Academics emphasize “practical, applicable skills,” he said, including “reading for a purpose,” like directions and doing math in the context of telling time and counting/using money, for example.

Other typical days may include visits to the gym for fitness opportunities, going to Marathon School or the Hopkinton Center for Arts, engaging in leisure activities, and for some, auditing classes at Framingham State University with a peer mentor on campus.

Donahue noted weekly multi-district social groups are another aspect of the program, letting young people form friendships with young adults from other towns who share their interests.
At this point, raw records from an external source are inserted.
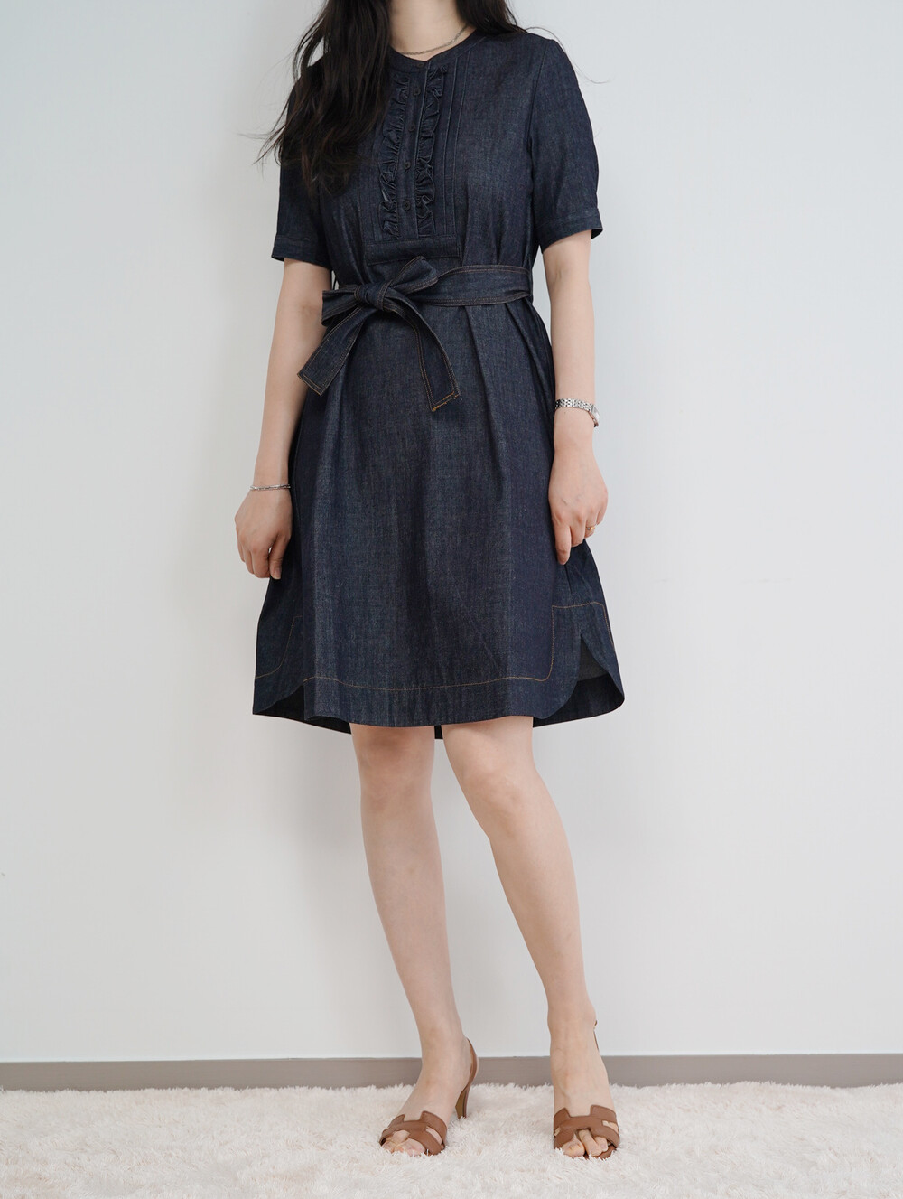 우아하고 시원한 분위기의 A라인 청 원피스 입니다.
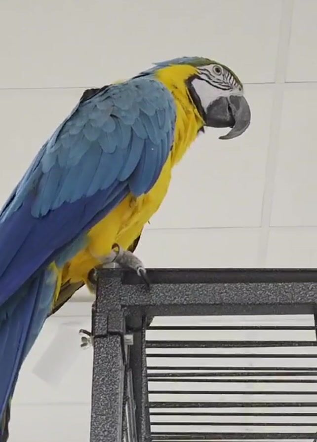 blue and yellow macaw perched on top of a gray metal birdcage. The bird looks to the side, opens its beak, and then looks back in the original direction. The background is a white ceiling with tiles.
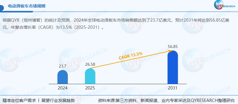 根据QYR(恒州博智)的统计及预测,2024年全球电动滑板车市场销售额达到了23.7亿美元,预计2031年将达到56.85亿美元,年复合增长率(CAGR)为13.5%(2025-2031)。
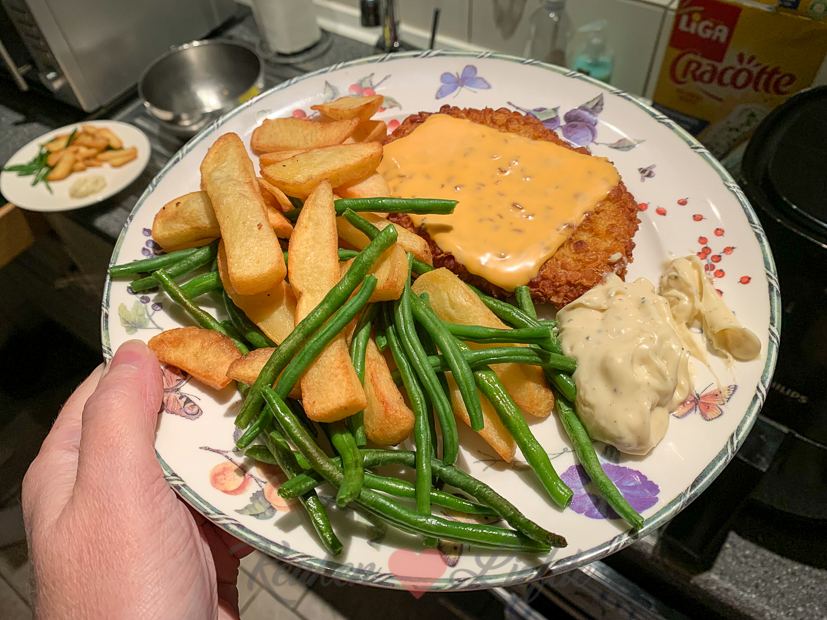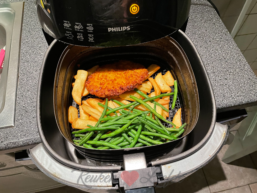 Ook vandaag is de schilder er weer. Johan en Ella-Marie zijn de deur uit en ik werk thuis op kantoor. Het avondeten komt uit de airfryer, die helaas wel wat kuren vertoont de laatste tijd (benieuwd hoelang hij het nog vol gaat houden). Op Instagram vroeg ik om ideeën voor het avondeten uit de airfryer en kreeg heel veel leuke reacties. Volg je ons hier al? In onze IG-stories delen we dagelijks stories van achter de schermen, of delen we lekkere recepten. Tip! Na 24 uur verdwijnen de stories maar kun je ze vaak nog terugkijken in de gearchiveerde highlights. Terug naar de airfryer; ik gooide er frietjes, kipschnitzel en sperzieboontjes in. Ging prima, alleen konden we niet allemaal tegelijk eten.
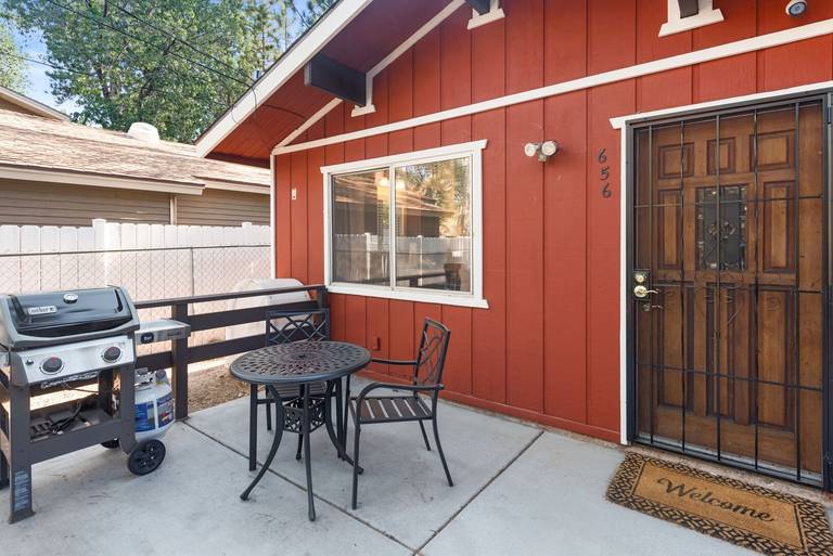 OUTDOORS - Patio furniture and gas barbecue. Enjoy a cup of coffee and brisk mountain air on the front deck!
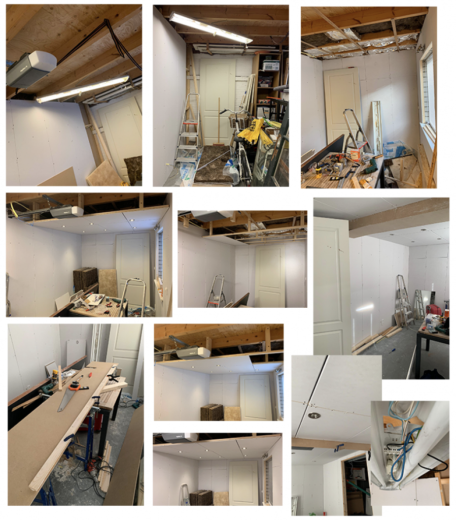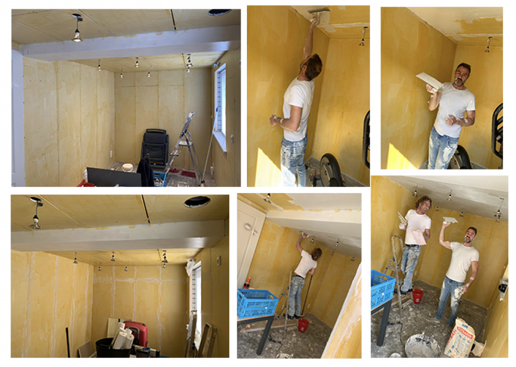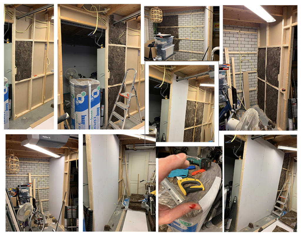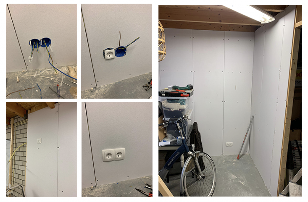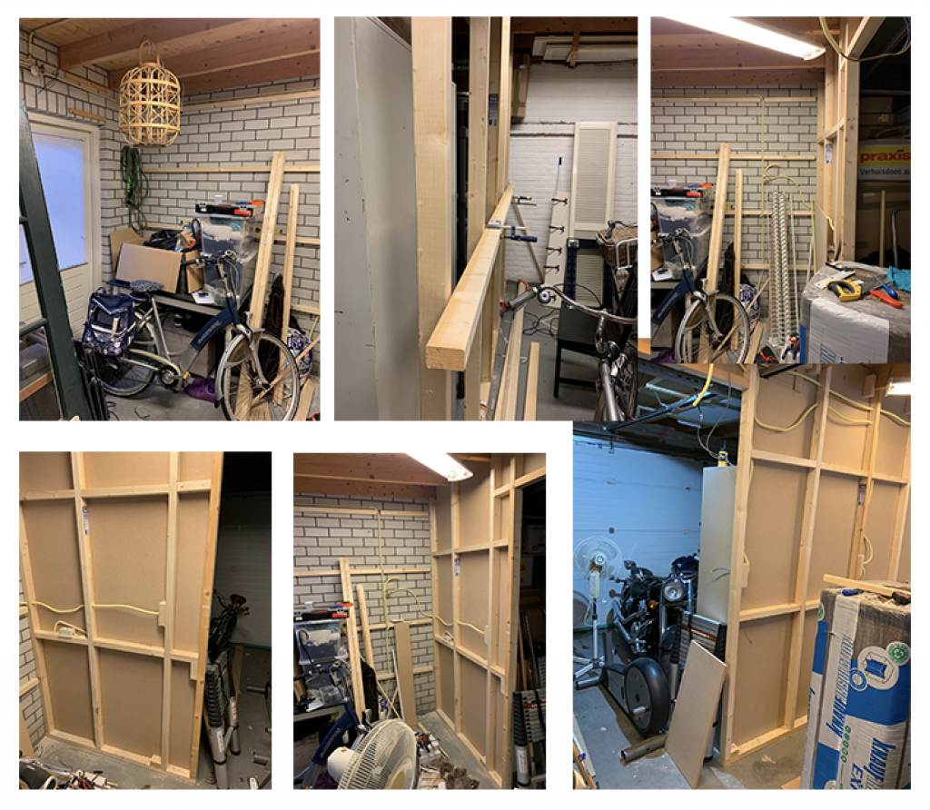 Una vez que terminas de poner el material de aislar, procedió a poner el frente de “las paredes”. La parte de enfrente, que ves blanca, es como tablaroca. Se llama aquí “gipsplaten” que traducido por google significa “panel de yeso”.
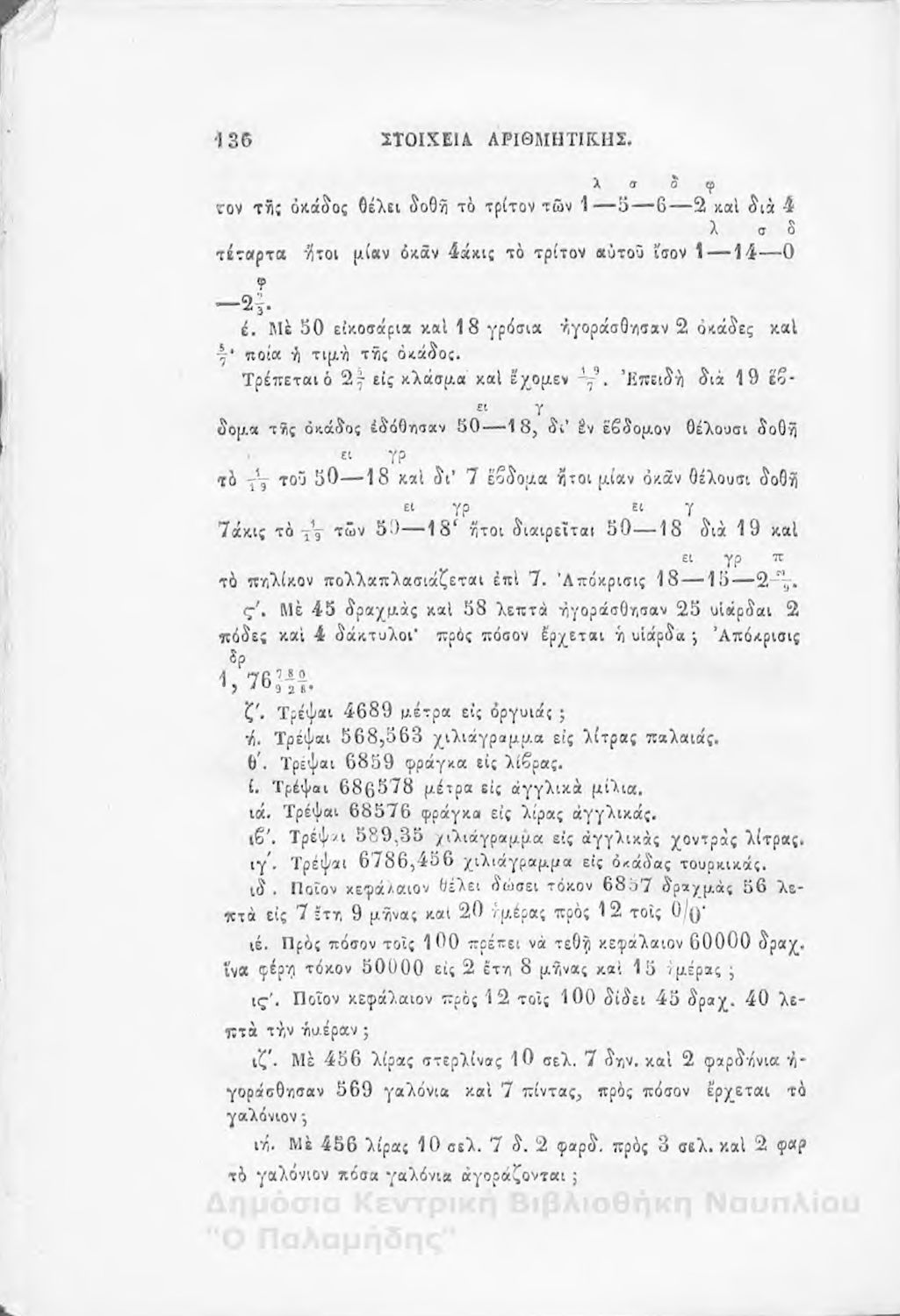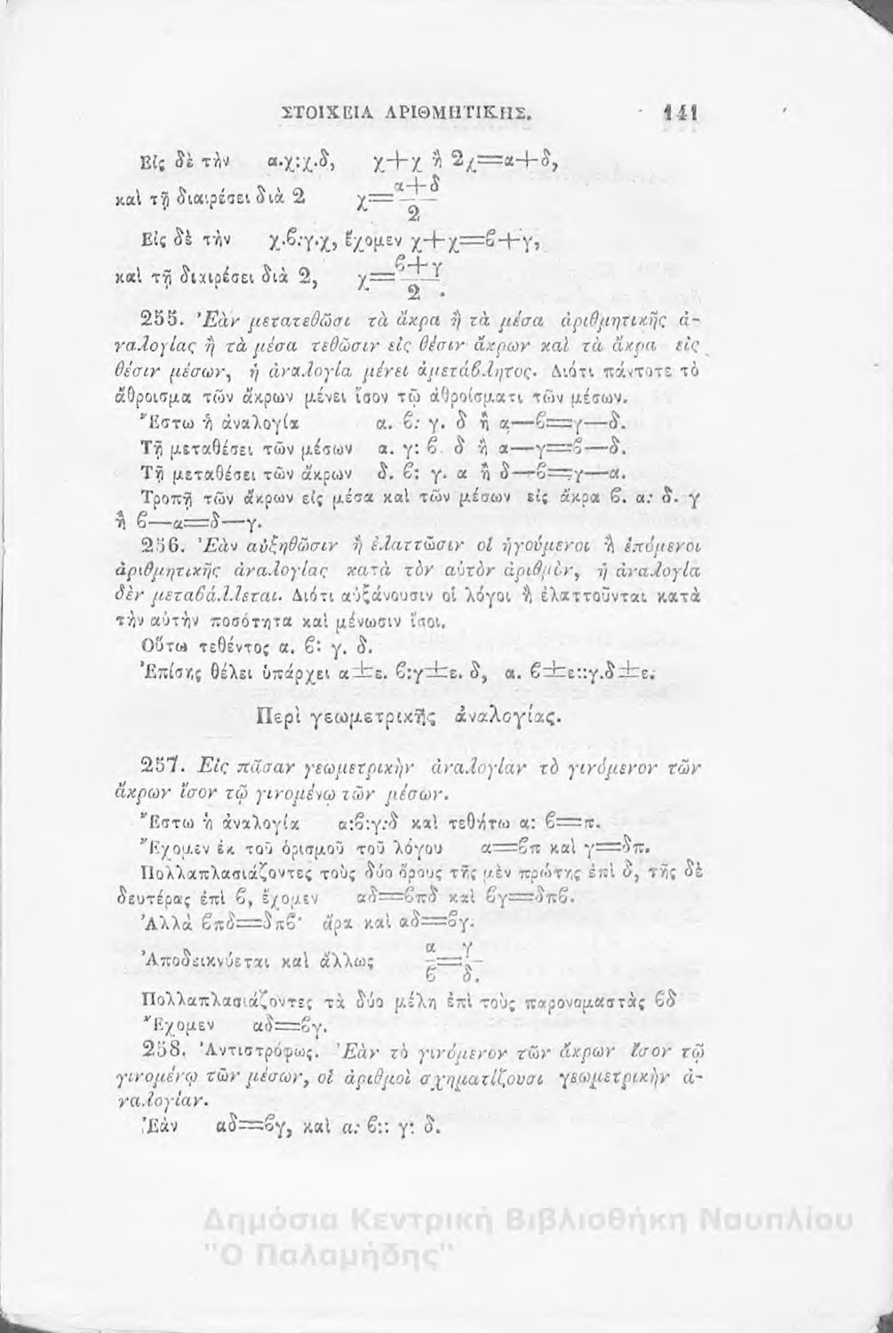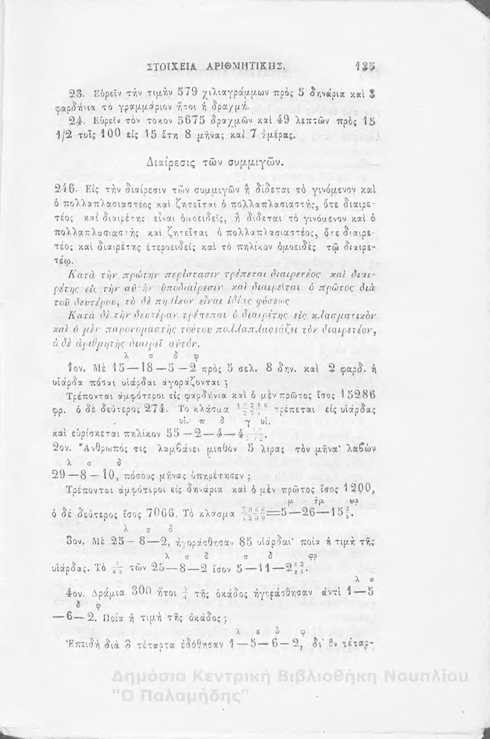 Βαθμίδα εκπαίδευσης: Δευτεροβάθμια Μάθημα: Αριθμητική Γλώσσα: Καθαρεύουσα |
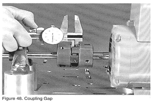 13.調整兩半聯軸器間的空隙為13mm,如圖48所示,然后擰緊電機裝配螺栓
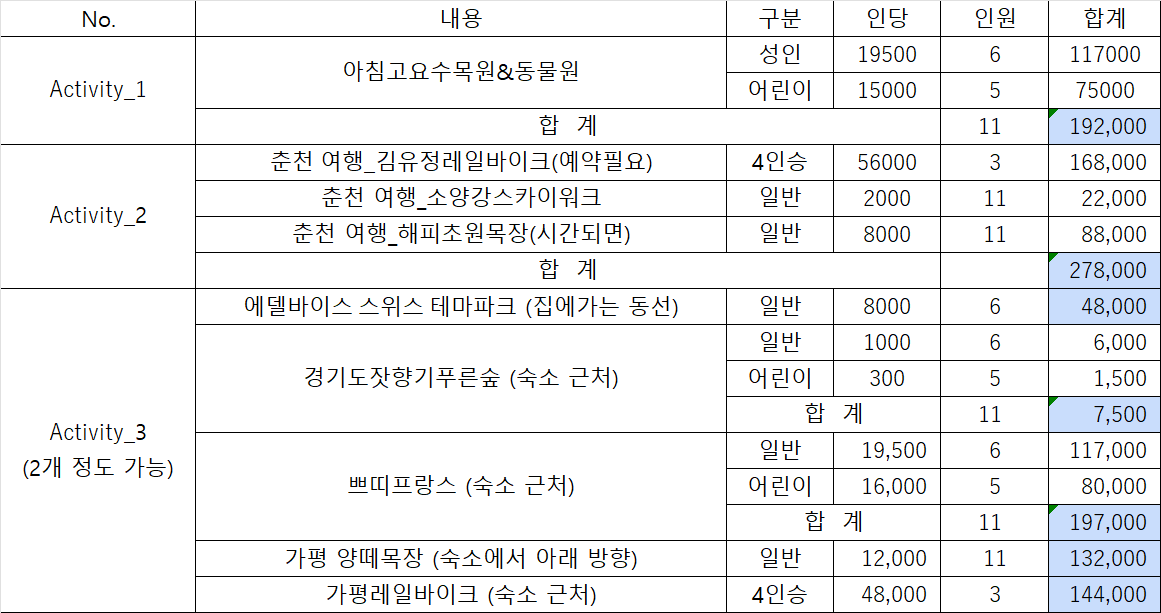 어버이날을 기념해 처가식구들과 가평을 다녀왔습니다.1박 2일 저렴한 팬션을 구했는데,, 포스팅 하기에는 너무 열악하여 액티비티 위주 활동만 남겨요~아래의 계획으로 짜보았고, 선택은 에델바이스 스위스 테마파크와 닭갈비로 마무리! 계획 대비 조촐해졌네요​마이다스밸리 청평골프클럽 앞에 위치한 에델바이스 스위스 테마파크는 디지털관광 주민증이 있으면 6천원으로 2천원 가량 할인이 됩니다. 성인의 경우 각자 가입해야 하는데요. 아이는 부모가 했을 경우 해당 가격으로 적용해줍니다. 직원분들이 엄격히 감시하지는 않지만 양심껏 하시면 될것 같아요. 입구 들어가면 바베큐 식당이 크게 있어요. 바베큐는 미리 예약을 해야하고 그 외는 키오스크를 통해 주문 가능합니다.스위스를 가보지는 못했지만 이런 분위기일까요? 규모가 크지는..
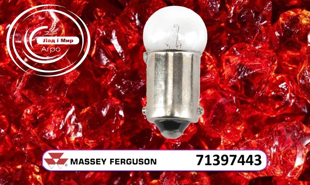Лампочка 71397443 до Massey Ferguson Massey Ferguson Limited крупний американьский виробник сільхозтехніки та обладнання. Входе до компанії AGCO. В даний час Massey Ferguson - це тільки назва бренду, що використовується AGCO, але техніка Massey Ferguson залишається найбільш широко продається в усьому світі, а популяція функціонуючих тракторів під цим брендом налічує більше 5,2 мільйонів. Ви можете замовити агрозапчастини Лампочка 71397443 до Massey Ferguson від на нашому сайті ladimiragro.com.ua. Якщо у Вас виникли додаткові запитання по запчастині Лампочка 71397443 до Massey Ferguson. Ви можете зателефонувати за телефонними номерами. Всі номери вказані на сайті ladimiragro.com.ua. Наші фахівці мають великий досвід. Вони нададуть всю вичерпну інформацію на агрозапчастини до техніки John Deere. Також в разі випадку, запропонують альтернативу. Це можуть бути інші агрозапчастини до сільгосптехніки таких відомих виробників як John Deere, Claas,  New Holland, Challenger, Fendt, Great Plains, Horsch, Case, Kinze, Massey Ferguson. Компанія "Лад і Мир агро" - це Ваш надійний партнер. Ми зробимо все можливе і неможливе. Ми якомога швидко доставимо до Вас Лампочка 71397443 до Massey Ferguson в найкоротший термін. Ми співпрацюємо з усіма перевізниками по всій Україні. Переглянути інші товари виробника Massey Ferguson  на нашому сайті. Лад і Мир Вашому господарству! Компанія «Лад і Мир Агро» є надійним партнером для сільськогосподарського виробника для замовлення оригінальної запчастини на сільськогосподарську техніку. Головним принципом є надання професійної підтримки і забезпечення потреб в запасних частинах для агротехніки для кожного клієнта нашої компанії. У нас ви можете замовити оригінальні агрозапчастини від таких відомих виробників, як Claas, Challenger, Fendt, Great Plains, Horsch, John Deere, Kinze, Massey Ferguson та інших. Для цього можете перейти до нашого каталогу – агрозапчастини Команда «Лад і мир агро» - це надійний партнер, який пройде з Вами шлях протягом усього періоду експлуатації, забеспечуючи якісне постачання запасних частин для імпортної техніки.
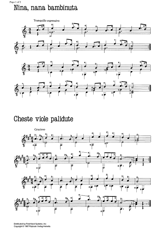 Digital Sheet Music for Nina, nana bambinuta and Cheste viole palidute by Giulio Chiandetti, Traditional scored for Guitar; id:334312

What is special about Hopkinton’s program, Donahue said, is that students are not sitting inside a building all day. Instead, they are venturing out into the community, taking public transportation, marketing Niche Shop products at a local CVS Pharmacy popup shop, grocery shopping and more.

He said he hopes the EXCEL program continues to gain visibility and feels its graduates have met with success after they age out.

One of the program’s alumni recently returned to share his experiences working full-time and traveling on the train and bus, for instance.

In general, Donahue said, EXCEL’s graduates “want to cross paths with us and say hi.”

“When they turn 22, they are going to live in this community as functioning members giving something back,” Donahue said. “We’ve created access points so when they leave us, they are off and running.”